Patients who are currently participating in, plan to participate in, or have participated in an investigational drug trial or medical device trial containing active substance within 30 days or five half-lives, whichever is longer, prior to Screening.
Use of the following concomitant medications:
Fibrates are not permitted from 2 months before Randomization. Patients that used statins, ezetimibe, or other nonfibrate lipid lowering drugs before Screening may participate if the dosage has been kept constant for at least 2 months prior to Screening.
Currently taking drugs that can induce steatosis/steatohepatitis including, but not restricted to: corticosteroids (parenteral & oral chronic administration only), amiodarone (Cordarone), tamoxifen (Nolvadex), and methotrexate (Rheumatrex, Trexall), which are not permitted 30 days prior to Screening and up to end of treatment.

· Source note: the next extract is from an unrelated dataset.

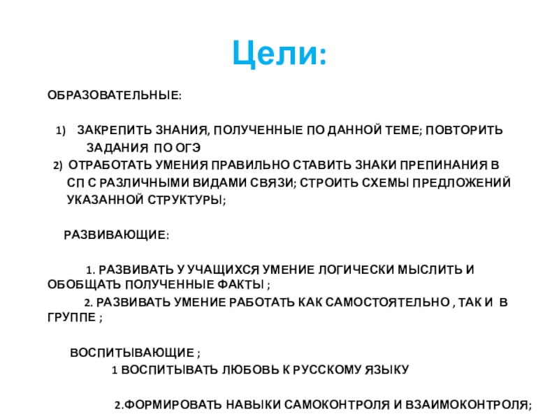 Цели: ОБРАЗОВАТЕЛЬНЫЕ: 1) ЗАКРЕПИТЬ ЗНАНИЯ, ПОЛУЧЕННЫЕ ПО ДАННОЙ ТЕМЕ; ПОВТОРИТЬ ЗАДАНИЯ ПО ОГЭ 2) ОТРАБОТАТЬ УМЕНИЯ ПРАВИЛЬНО СТАВИТЬ ЗНАКИ ПРЕПИНАНИЯ В

Currently taking any medication that could interfere with study medication absorption, distribution, metabolism, or excretion or could lead to induction or inhibition of microsomal enzymes, e.g., indomethacin, which are not permitted from Randomization until end of treatment.

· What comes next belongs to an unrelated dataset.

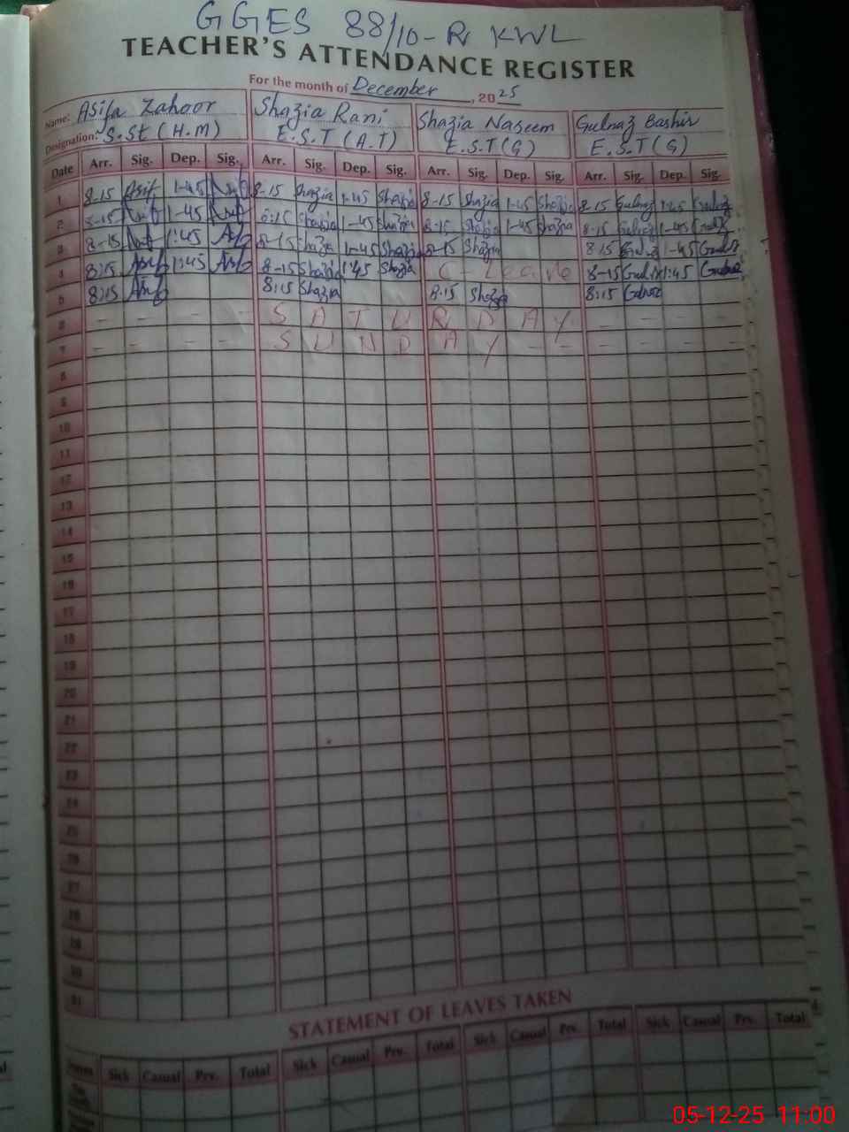 | No. of Students Present - Female | 0 | 0 | 0 | 0 | 0 | 0 | 0 | 0 | 0 | 0 | 11 | 0 | 11 | |||

Patients who have the following associated illnesses or conditions:
Any medical conditions that may diminish life expectancy to less than 2 years including known cancers;
Evidence of any other unstable or, untreated clinically significant immunological, endocrine, hematological, gastrointestinal, neurological, neoplastic, or psychiatric disease;
Mental instability or incompetence, such that the validity of informed consent or ability to be compliant with the study is uncertain.
patients should not present any of the following biological exclusion criteria:
Positive anti-human immunodeficiency virus antibody.
Aspartate aminotransferase (AST) and/or ALT >10 x upper limit of normal (ULN).
Conjugated bilirubin > 26 umol/l due to altered hepatic function (Gilbert Disease patients are allowed into the study.
International normalized ratio >1.40 due to altered hepatic function.
Platelet count <100,000/mm^3 due to portal hypertension.
Significant renal disease, including nephritic syndrome, chronic kidney disease (defined as patients with markers of kidney damage or estimated glomerular filtration rate [eGFR] of less than 60 ml/min/1.73 m^2).
Patients for whom participation in the trial is not reasonable according to the opinion of Investigator or in cases when participation in the trial may put the patient at any kind of risk.